PDF Ebook A History of Greek Mathematics, Vol. 1: From Thales to EuclidBy Sir Thomas Heath
Guide that is good for you has some qualities. One of them is that they have similar subjects or themes with things that you require. Guide will be additionally interested in the new ideas and also believed to be always current. The book, will also constantly offer you brand-new experience and truth. Even you are not the expert of the topic associated, you can be better understating from checking out guide. Yeah, this is just what the A History Of Greek Mathematics, Vol. 1: From Thales To EuclidBy Sir Thomas Heath will provide to you.
A History of Greek Mathematics, Vol. 1: From Thales to EuclidBy Sir Thomas Heath
PDF Ebook A History of Greek Mathematics, Vol. 1: From Thales to EuclidBy Sir Thomas Heath
Feel tired to invest the spare time or weekend break or vacations without doing anything useful? Spending times even lot of times is very easy, really easy. However, are all useful enough? It is not your time to spend the time thrown away. This is the time to delight in all leisure time, but with such significant activities. Also having vacation by vacations somewhere, it is additionally helpful. As well as here, you can additionally spare your few times to read a publication; the A History Of Greek Mathematics, Vol. 1: From Thales To EuclidBy Sir Thomas Heath is exactly what we advise for you.

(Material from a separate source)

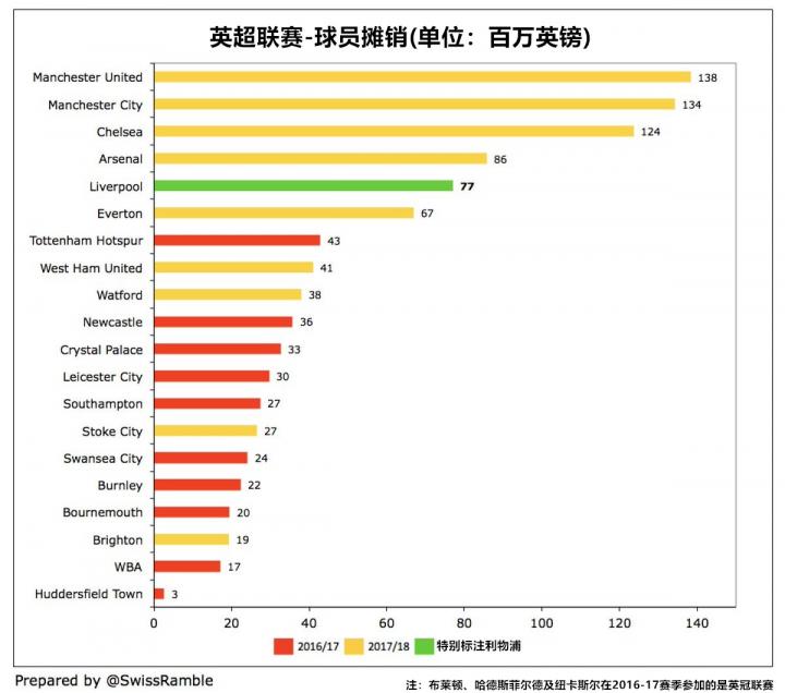 利物浦上赛季斥资1.95亿用于引进球员(包括萨拉赫、范戴克、张伯伦、索兰克等),这不但与此前的7600万英镑相比有着巨大的提升,更是创造了俱乐部的新纪录。不过这个数字仍与曼城的3.28亿英镑以及切尔西的2.9亿英镑有着很大的距离;利物浦的球员支出也同样不及曼联的2.43亿英镑,甚至少于埃弗顿的2.15亿英镑。

Nonetheless, this era additionally permit you to obtain the book from several resources. The off line book shop could be a typical area to check out to obtain the book. Today, you could additionally discover it in the on-line collection. This site is just one of the internet collection where you can find your selected one to review. Now, today A History Of Greek Mathematics, Vol. 1: From Thales To EuclidBy Sir Thomas Heath is a book that you could discover right here. This book tends to be the book that will give you new inspirations.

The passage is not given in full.